Words | Teen Ink

Words

March 13, 2018
By RozmiaF BRONZE, Mount Airy, Maryland
RozmiaF BRONZE, Mount Airy, Maryland
1 article 0 photos 0 comments

I can recall how carefree I was as I skipped from one aisle to the next, my brothers by my side. From the moment we walked into the homely Dollar General store, we tikes had set off on our quest to discover the timeless word searches and coloring books. My mother sighed in defeat and resolved to aid us on our expedition, walking us hand in hand around the store.

 

Not too long into our decided mission, I felt my mother’s hand tense around mine. Annoyed, I tugged my eight-year-old hand from the tightening grip that had disrupted my valiant search.
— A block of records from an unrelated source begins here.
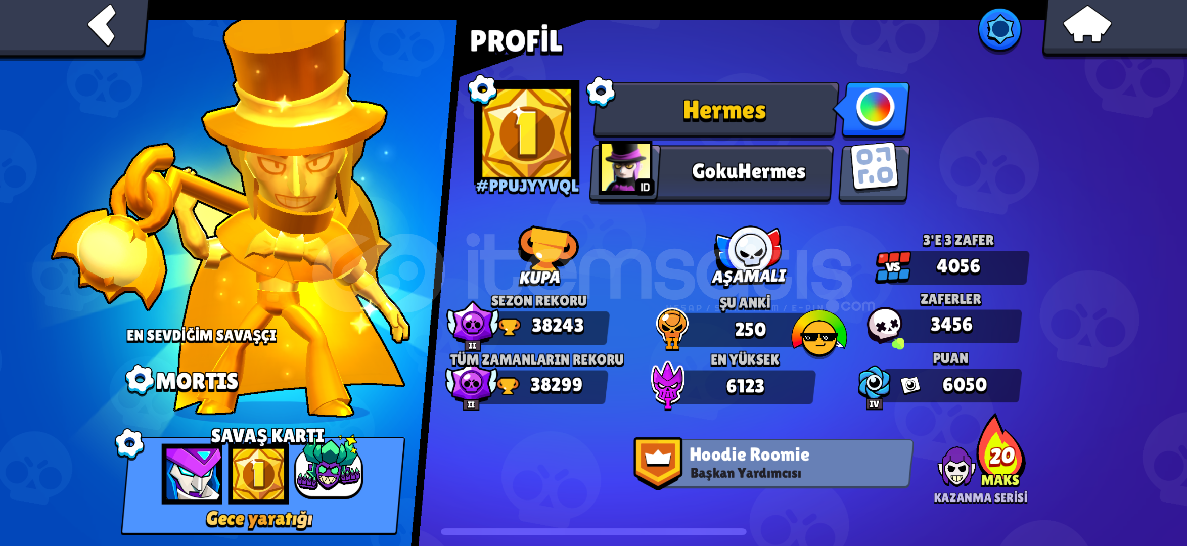 38500 kupa Tüm mortis skinnleri açık hokeyci hariç 53 Ender 52 Süper Ender 57 Destansı 3 Gizemli 6 EFSANEVİ 3 HİPER SARJLI SKİNN VAR 6 YILLLIK HESAP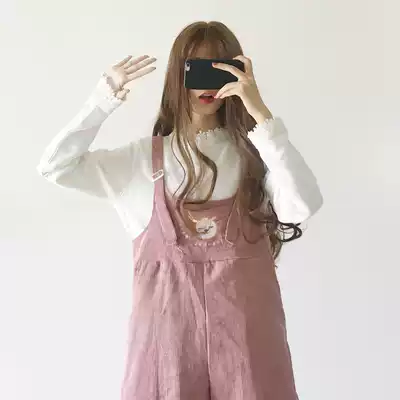 Japanese hipster soft girl cartoon embroidery loose corduroy casual Joker trousers wide leg hug baby bag pants women early autumn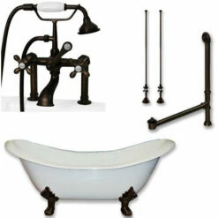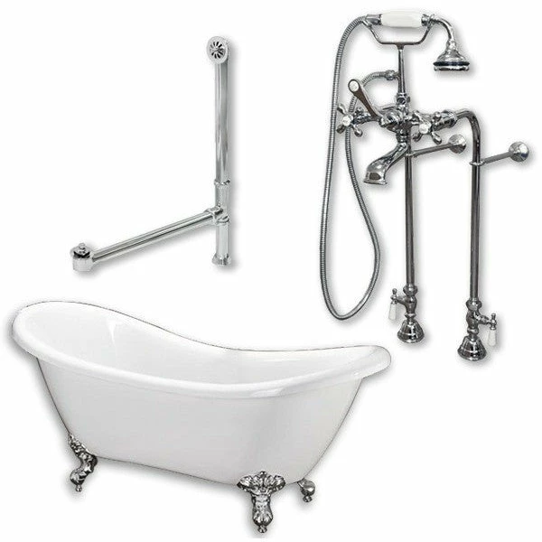 Cambridge Plumbing ADES-398463-PKG-CP-NH Acrylic Double Ended Slipper Bathtub 68″ X 28″ with no Faucet Drillings and Complete Polished Chrome Plumbing Package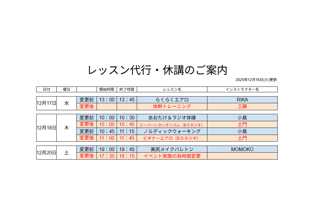 スタジオレッスン代行のお知らせ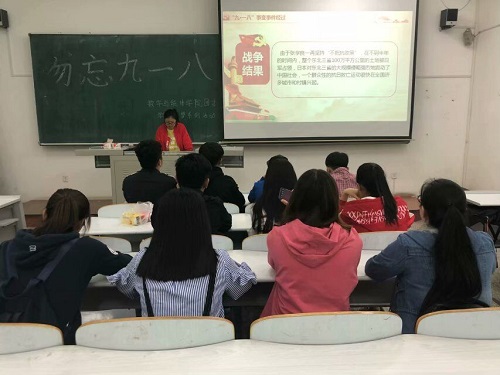 团委于2018年9月18日在教图楼309教室开展“学习筑梦”系列活动之“勿忘九一八”会议。学院2017级主要学生团干部参加本次会议,团委副秘书长崔仕贤担任会议主讲人。

Yet my mother held on, oblivious to my efforts. Giving up, I turned upward with a scowl, only to freeze in my tracks at the look etched into my mother’s face. Every feature indicated her discomfort as she glanced over her shoulder warily at a man standing not far behind her. I remembered seeing him when we had walked into the store, and it dawned on me that he had been behind us our entire trip.

 

We continued on, though less joyously now. Every so often my mother would glance back, and he would be there without fail. As I focused on the glaring man I saw that he was an employee, but he didn’t look too friendly. His beady attention was captured by my mother’s hijab, and every moment she peeked back, he’d busy himself with various knick-knacks, yet keep watch out of the corner of his eye. The man trailed us throughout the Dollar General, as if we were safety hazards to be monitored, until my mother rushed us out in a frenzy, abandoning our expedition.

 

That day marked my learning of a new word: discrimination. I had been in love with words and their abundance, and that love has only multiplied over the past years. As I familiarized myself with the definition of this newfound word, I began to use it to categorize instances in my upbringing. Whenever family outings were greeted with prolonged stares and uneasy treatment, this word would reverberate within my thoughts until I realized that it was not so foreign to me after all.

 

After frequently making use of the word “discrimination” as I experienced its negative connotation, it became more apparent to my younger self that words do hurt. These infinite inventions of the human tongue that built endless possibilities within a child’s imagination were just as likely to form an arsenal of the most powerful and easily accessible weapons for any person to wield. But as terrifying as this was to a child, it fascinated me nonetheless. The thought that I could make others feel the way this unforgettable word made me feel by uttering a mere sentence was enough to convince me to choose my words wisely. And yet words can break barriers that seem otherwise impossible to scale, as I learned when studying famous speeches.

 

Words - these sounds put together to form coherency that no one could actually see with a pair of eyes - held so much power that even a child could gain. My curiosity in language spiked. I pushed myself to read higher levels just to discover words I did not come across everyday. I kept new words I didn’t understand in a journal, to be defined when I had the chance. I willed myself to speak Arabic with my parents to broaden my range of communication. With preparation, I slowly spoke out against the hate geared toward my family - the inane questions I’ve received in bitter tones, the jeers my mother’s attracted, the racist slurs my brother’s endured - with the deflecting words I’ve collected along my shield. I built up my own arsenal in a kingdom within me where defiance against prejudice reigned. I resolved to combat the hurtful actions that surrounded me the only way I knew how - with words.